- **Source material**:
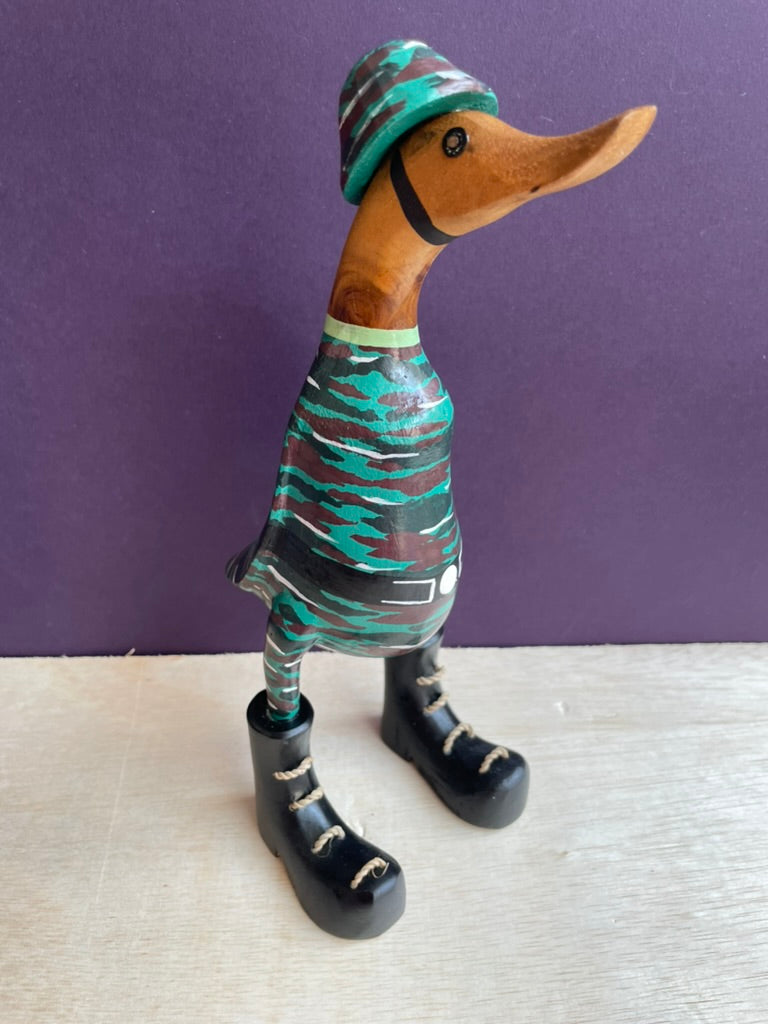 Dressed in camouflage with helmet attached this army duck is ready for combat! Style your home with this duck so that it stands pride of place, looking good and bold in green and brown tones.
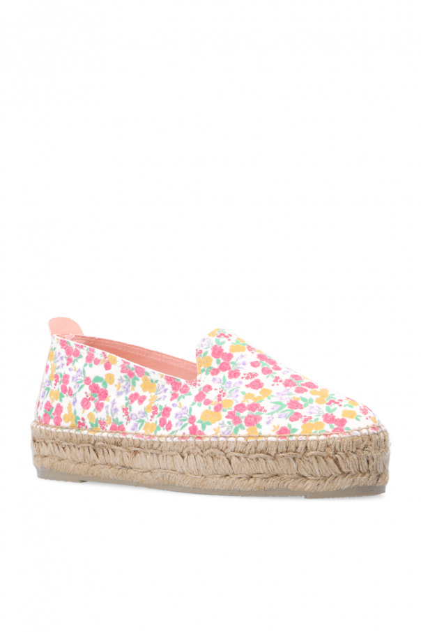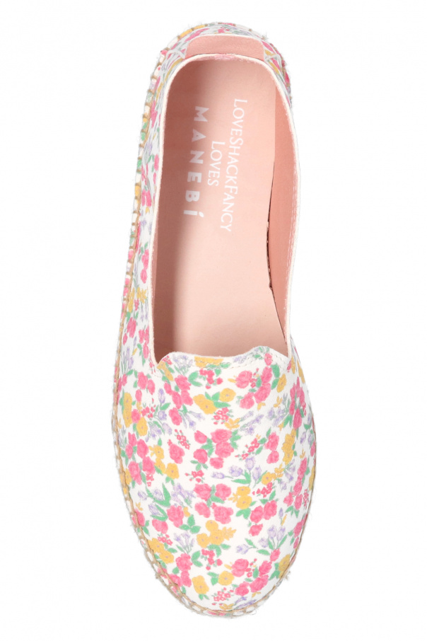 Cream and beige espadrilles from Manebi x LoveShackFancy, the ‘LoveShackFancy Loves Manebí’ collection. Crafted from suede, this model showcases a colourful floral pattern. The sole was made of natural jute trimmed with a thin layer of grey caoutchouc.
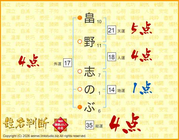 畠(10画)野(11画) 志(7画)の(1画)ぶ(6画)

- **Problem to solve**: What you output must match the data exactly, apart from the pictures, which are left out.

- **Solution for this problem**:
 Dressed in camouflage with helmet attached this army duck is ready for combat! Style your home with this duck so that it stands pride of place, looking good and bold in green and brown tones.
 Cream and beige espadrilles from Manebi x LoveShackFancy, the ‘LoveShackFancy Loves Manebí’ collection. Crafted from suede, this model showcases a colourful floral pattern. The sole was made of natural jute trimmed with a thin layer of grey caoutchouc.
 畠(10画)野(11画) 志(7画)の(1画)ぶ(6画)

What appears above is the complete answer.